Function ColumnPlusOne$(pStr$)
Dim s1$
s1 = Columns(Columns(pStr).Column + 1).Address
ColumnPlusOne = Mid$(s1, InStr(s1, ":$") + 2)
End Function ' D-C Dave

I am sorry if it is repost. I am relatively new to macros. I want to
increment letter in a string present in a cell. If the cell value is
"A" I want to make it "B" etc. However, if the cell value is "Z", I
want to change it to "AA". If it is "AA", it should change to "AB" and
so on. I wrote following code for increment letters:
NextIndex = Asc(char) + 1
CellOfInterest.Value = Chr(NextIndex)
Above code changes A to B, B to C and so on. However, it does not
change Z to AA. It just gives me next ASCII value ([). Is there any
way to make this happen?
Any help would be greatly appreciated!

 

[Dana DeLouis]

If it is "AA", it should change to "AB" etc

I see you have solutions.
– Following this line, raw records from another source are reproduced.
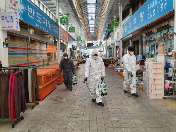 방역소독은 안전한 전통시장 및 상점 환경을 유지하고 코로나19에 대한 주민들의 불안 심리 해소하기 위한 취지로 실시됐다.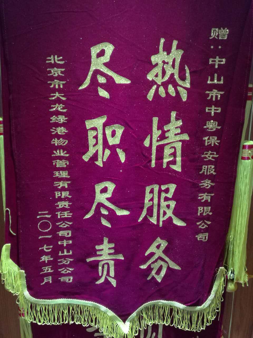 2017年5月,北京市大龍綠港物業管理有限責任公司中山分公司贈中山市中粵保安服務有限公司熱情服務 盡職盡責錦旗。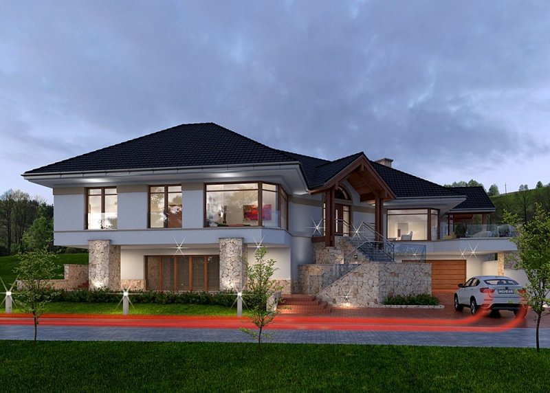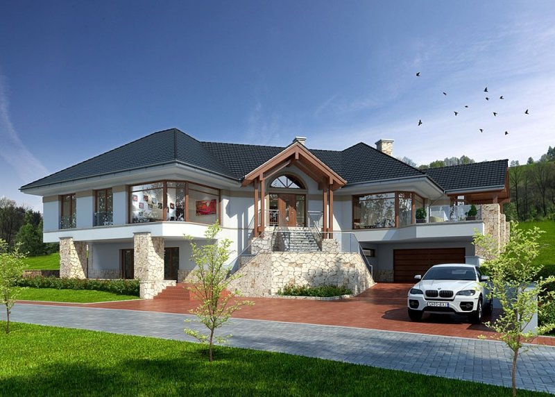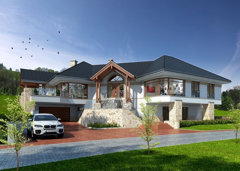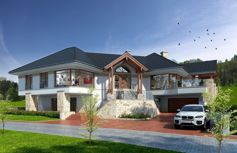 Projekt domu parterowego z użytkowym poddaszem.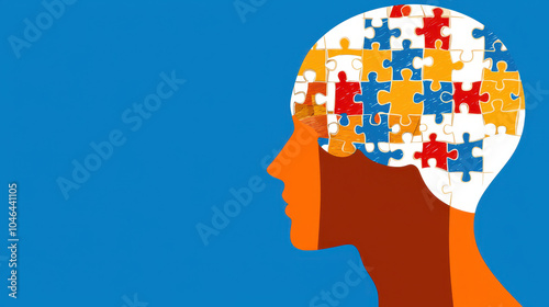 Profile silhouette of a person with a colorful puzzle piece brain illustration on a bright blue background

If you would like a base-26 type of solution,
here are a few ideas:

Sub TestIt()
Debug.Print NextSequence("ZZZZZ")
Debug.Print NextSequence("ABCDEFGZ")
End Sub

Returns:
AAAAAA
ABCDEFHA

Function NextSequence(Seq As String) As String
'// Dana DeLouis
Dim p As Long
Dim k As Long
Dim x As Long
Dim s As String
Dim sol As String
Dim n As Double
Const B As Long = 26 'Base 26

s = UCase(Seq)
If Not bAllLetters(s) Then
NextSequence = "Error: Not all numbers: " & Seq
Exit Function
End If

k = Len(s)
For p = 1 To k
x = Asc(Mid$(s, k - p + 1, 1)) - 64
n = n + x * B ^ (p - 1)
Next p

n = n + 1 'Next Sequence

p = Int(Log(n) / Log(B))
Do While p >= 0
x = Int(n / 26 ^ p)
sol = sol & Chr(x + 64)
n = n - x * B ^ p
p = p - 1
Loop
NextSequence = sol
End Function

Private Function bAllLetters(s As String) As Boolean
Const p As String = "[A-Z]"
bAllLetters = UCase(s) Like WorksheetFunction.Rept(p, Len(s))
End Function

 

[Bernd P]

Hello Dana,

Your macro takes 50% more runtime than mine (FastExcel says) and it
does not work for ZZZZZZZZZZZZ or longer strings. But maybe we should
even restrict our solutions to IV

Regards,
Bernd

 

[Dana DeLouis]

Hi Bernd. Thanks for the catch. You're right. I see the logic error.
Most of the time, the last character is not "z." Your code logically exits
the function much earlier. My code unnecessarily keeps working. :>~

This code is not any better, and may be slower than your excellent code, but
was something I was messing around with.

Function IncChar(Str) As String
Dim s As String
Dim C As String 'Character
Dim p As Long ' Loop Counter
Dim CF As Boolean 'Carry Flag
Const Z As String = "Z"
Const A As String = "A"

s = UCase(Str)
If Not s Like WorksheetFunction.Rept("[A-Z]", Len(s)) Then
IncChar = "#N/A"
Exit Function
End If

'// Most Common - does not end in Z
If Not (s Like "*Z") Then
Mid(s, Len(s), 1) = Chr(Asc(Right$(s, 1)) + 1)
Else
CF = True
For p = Len(s) To 1 Step -1
C = Mid$(s, p, 1)
If C = Z Then
Mid(s, p, 1) = A
Else
If Not CF Then Exit For
C = Chr(Asc(C) + 1)
Mid(s, p, 1) = C
End If
CF = (C = Z)
Next p
If CF Then s = A & s
End If
IncChar = s
End Function

 

[Bernd P]

Hello Dana,

Now your code is about 10% faster than mine.

Have fun,
Bernd